The National Crime Agency's (NCA) National Cyber Crime Unit (NCCU) Prevent team spoke to a range of former offenders and those heading towards cybercriminality via cease and desist visits, in order to better understand the pathways into cybercrime.
Their findings indicate many youngsters are drawn into cybercrime via "modding" and gaming cheat forums, before quickly progressing to criminal hacking forums without fully acknowledging the gravity of the step.
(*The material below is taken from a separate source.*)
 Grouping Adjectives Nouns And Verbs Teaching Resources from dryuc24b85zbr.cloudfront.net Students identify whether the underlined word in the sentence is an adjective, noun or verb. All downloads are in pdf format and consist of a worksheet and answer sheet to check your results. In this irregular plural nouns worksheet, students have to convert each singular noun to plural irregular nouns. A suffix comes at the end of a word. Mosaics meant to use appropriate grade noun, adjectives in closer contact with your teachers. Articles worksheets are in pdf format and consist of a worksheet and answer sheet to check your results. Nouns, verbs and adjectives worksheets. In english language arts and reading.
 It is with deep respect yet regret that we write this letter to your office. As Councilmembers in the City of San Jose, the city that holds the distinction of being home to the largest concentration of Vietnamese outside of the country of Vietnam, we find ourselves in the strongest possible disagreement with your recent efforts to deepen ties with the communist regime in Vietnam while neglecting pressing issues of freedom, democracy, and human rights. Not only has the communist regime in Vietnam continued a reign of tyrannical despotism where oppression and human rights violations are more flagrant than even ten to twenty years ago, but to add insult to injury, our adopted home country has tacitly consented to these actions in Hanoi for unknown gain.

While no sociodemographic bias detected in the criminal fraternity's ranks, the average age of cybercriminals in the UK is far lower than other times of misdemeanor — a mere 17 in 2015, compared to around 37 for drug dealing.
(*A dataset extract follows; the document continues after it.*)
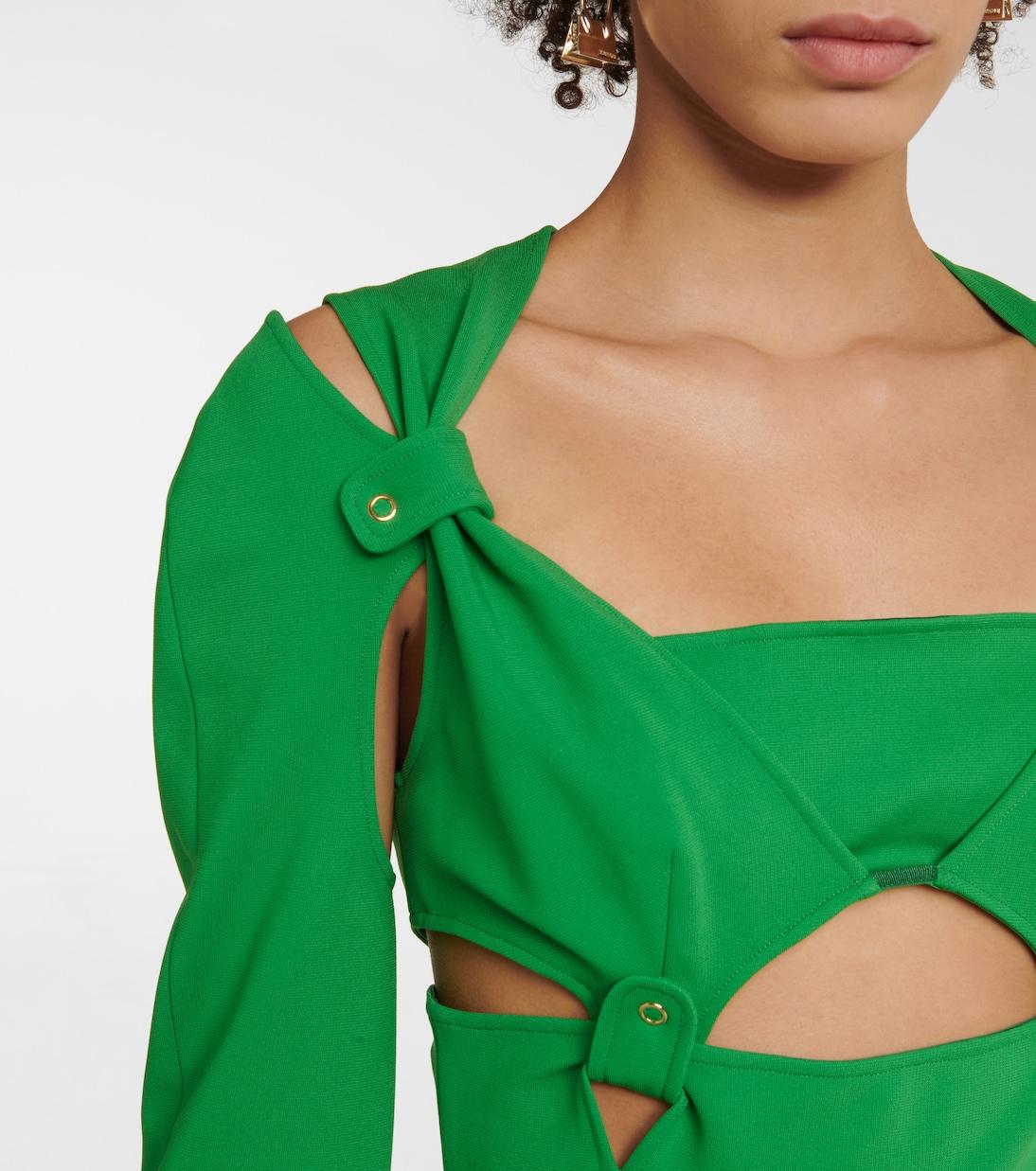 Видение лета от Jacquemus - красочное и веселое, как и мини-платье La Robe Mari. Изделие имеет разрезы с открытыми вырезами и застежкой на кнопки, а также пояс, который можно носить на одной ноге.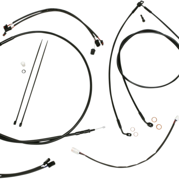 Caracteristicas: Magnum XR Handlebar Installation Kits offer a great fit and excellent quality at an economical price Kit features highly polished, chrome plated fittings All cables are a low effort, high efficiency design that meets or exceeds all OE specifications for fitment, construction, endurance Magnum XR Brake Lines use an enhanced construction of heavy gauge stainless steel embedded in tough abrasion resistant nylon outer jacket for superior durability and extreme braking response for safe riding The coating on cables and brake lines offers exceptional protection for paint or chrome Kits that include manifolds use an all brazed construction to ensure optimal OE fitment and appearance Manifolds use -3 AN connections for an easy installation Kits include throttle and idle cables or throttle-by-wire extensions, clutch cable or XR hydraulic clutch line, XR brake lines, copper crush washers, hardware, turn signal and switch wiring extensions Kits are based on using ape hanger style handlebars and 2" risers.

In terms of facilitation, the assessment notes off-the-shelf tools such as DDOS-for-hire services and Remote Access Trojans (RATs) are available with step by step tutorials at little to no cost to the user, making the skills barrier for entry into cybercrime lower than it has ever been.
In terms of motivation, the agency perhaps surprisingly found money is not always a priority for young offenders, although off-the-shelf hacking tools have made it ever-easier for even low-skilled hackers to generate profits with relatively little effort. Instead, many offenders are motivated by more innocuous factors.
"Completing a challenge, a sense of accomplishment and proving oneself to peers are key [motivators]. These factors are repeated throughout the debriefs and academic literature as the main reason young people begin and continue hacking. An 18-year-old who was arrested for obtaining unauthorized access to a US government site said 'I did it to impress the people in the hacking community, to show them I had the skills to pull it off… I wanted to prove myself… that was my main motivation,' " the report said.
Another individual noted in the report, Subject 7, was jailed for Computer Misuse Act and fraud offenses. In explaining his actions, he told officers:
"It made me popular, I enjoyed the feeling… I looked up to those users with the best reputations."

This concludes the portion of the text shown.